**Study material**
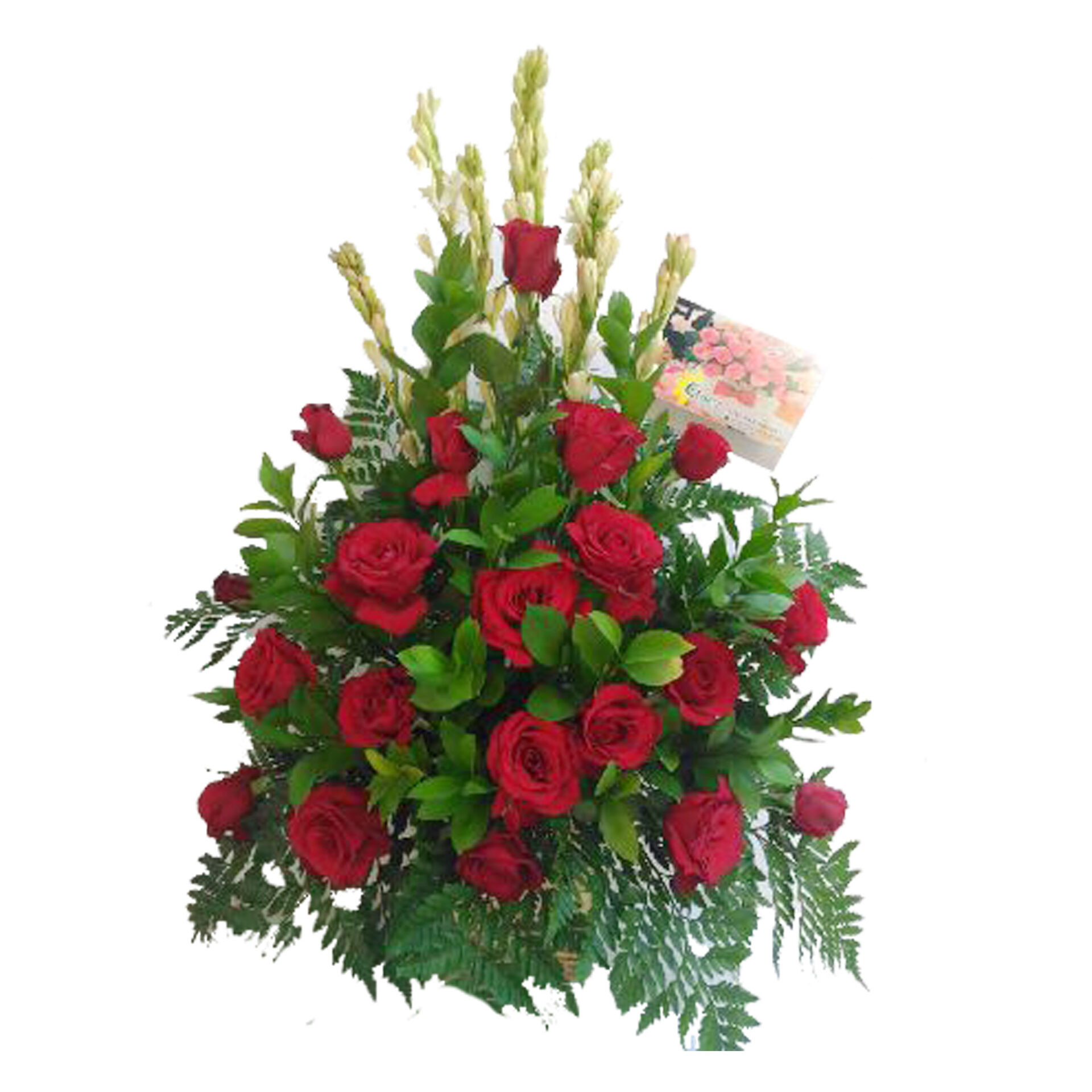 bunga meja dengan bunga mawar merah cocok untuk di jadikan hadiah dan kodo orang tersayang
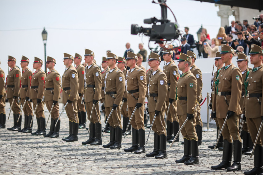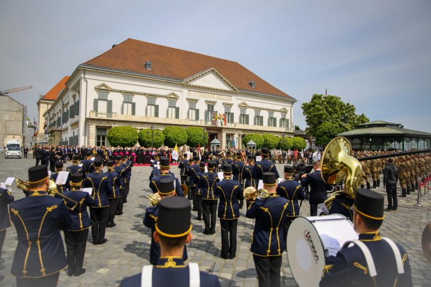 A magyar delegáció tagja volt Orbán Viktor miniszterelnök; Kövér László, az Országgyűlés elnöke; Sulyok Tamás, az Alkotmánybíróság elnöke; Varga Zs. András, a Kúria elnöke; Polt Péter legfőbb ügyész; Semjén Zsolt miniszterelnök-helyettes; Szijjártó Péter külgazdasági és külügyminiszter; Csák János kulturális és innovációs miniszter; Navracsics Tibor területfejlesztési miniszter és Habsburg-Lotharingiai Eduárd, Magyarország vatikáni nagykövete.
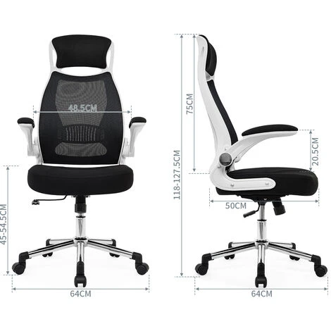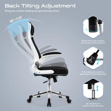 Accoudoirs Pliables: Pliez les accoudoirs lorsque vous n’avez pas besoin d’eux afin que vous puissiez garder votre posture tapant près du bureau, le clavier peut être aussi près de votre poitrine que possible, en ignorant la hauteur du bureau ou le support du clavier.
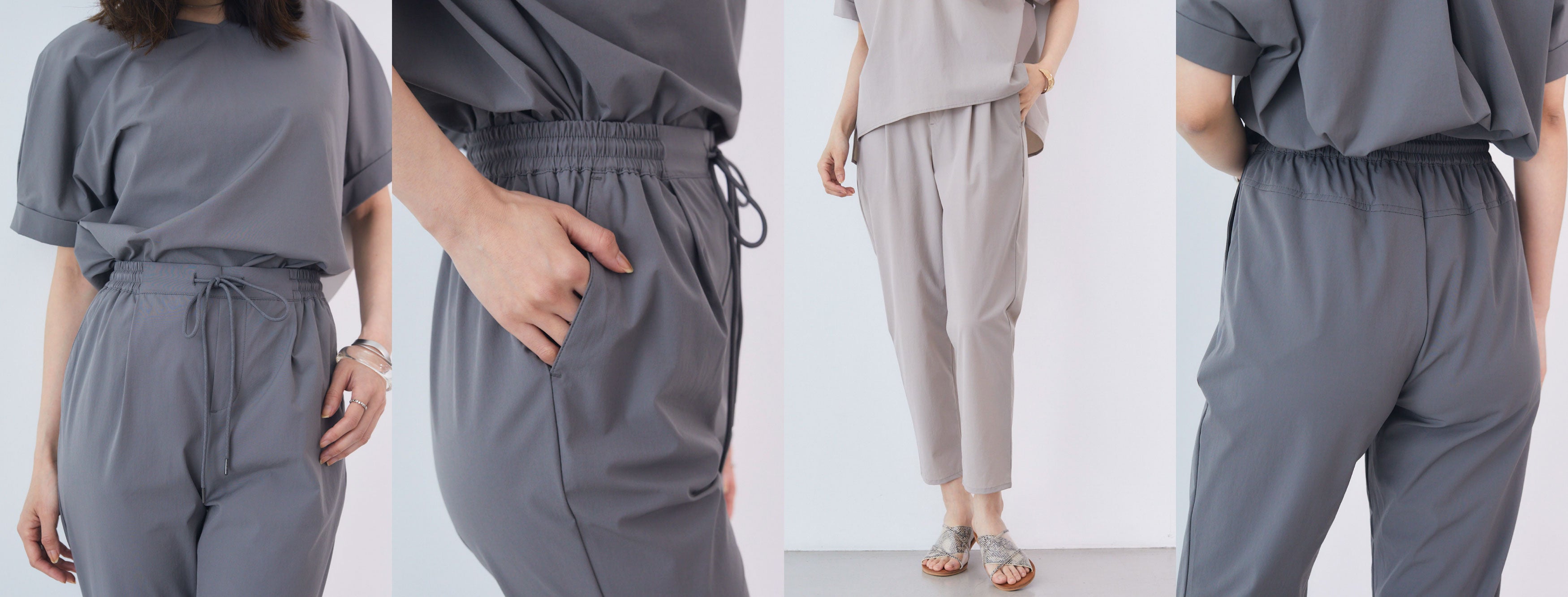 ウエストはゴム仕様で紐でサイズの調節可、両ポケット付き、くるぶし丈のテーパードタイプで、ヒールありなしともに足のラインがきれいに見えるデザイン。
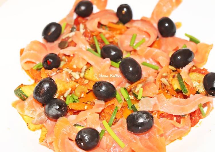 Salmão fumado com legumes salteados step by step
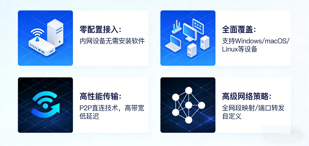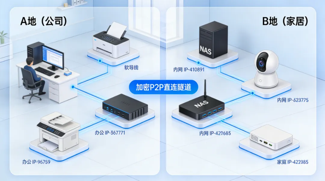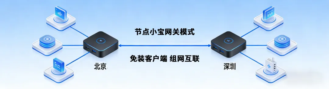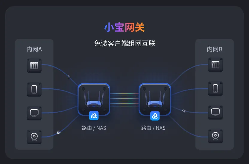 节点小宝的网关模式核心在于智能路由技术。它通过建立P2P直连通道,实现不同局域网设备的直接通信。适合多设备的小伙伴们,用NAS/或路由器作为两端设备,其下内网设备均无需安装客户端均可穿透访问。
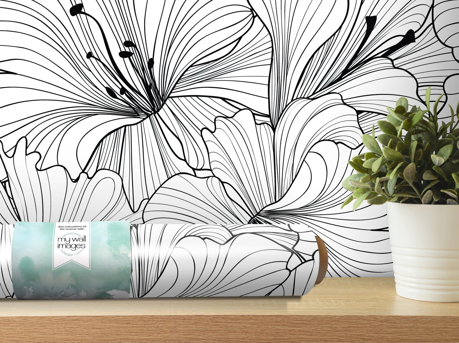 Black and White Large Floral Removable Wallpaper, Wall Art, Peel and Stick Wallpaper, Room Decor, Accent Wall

**What the task asks**
Beginning with the line that contains "ウエストはゴム仕様で紐でサイ", output every line down to the last line of the entries above exactly as written, apart from the pictures.

**Response to this task**
 ウエストはゴム仕様で紐でサイズの調節可、両ポケット付き、くるぶし丈のテーパードタイプで、ヒールありなしともに足のラインがきれいに見えるデザイン。
 Salmão fumado com legumes salteados step by step
 节点小宝的网关模式核心在于智能路由技术。它通过建立P2P直连通道,实现不同局域网设备的直接通信。适合多设备的小伙伴们,用NAS/或路由器作为两端设备,其下内网设备均无需安装客户端均可穿透访问。
 Black and White Large Floral Removable Wallpaper, Wall Art, Peel and Stick Wallpaper, Room Decor, Accent Wall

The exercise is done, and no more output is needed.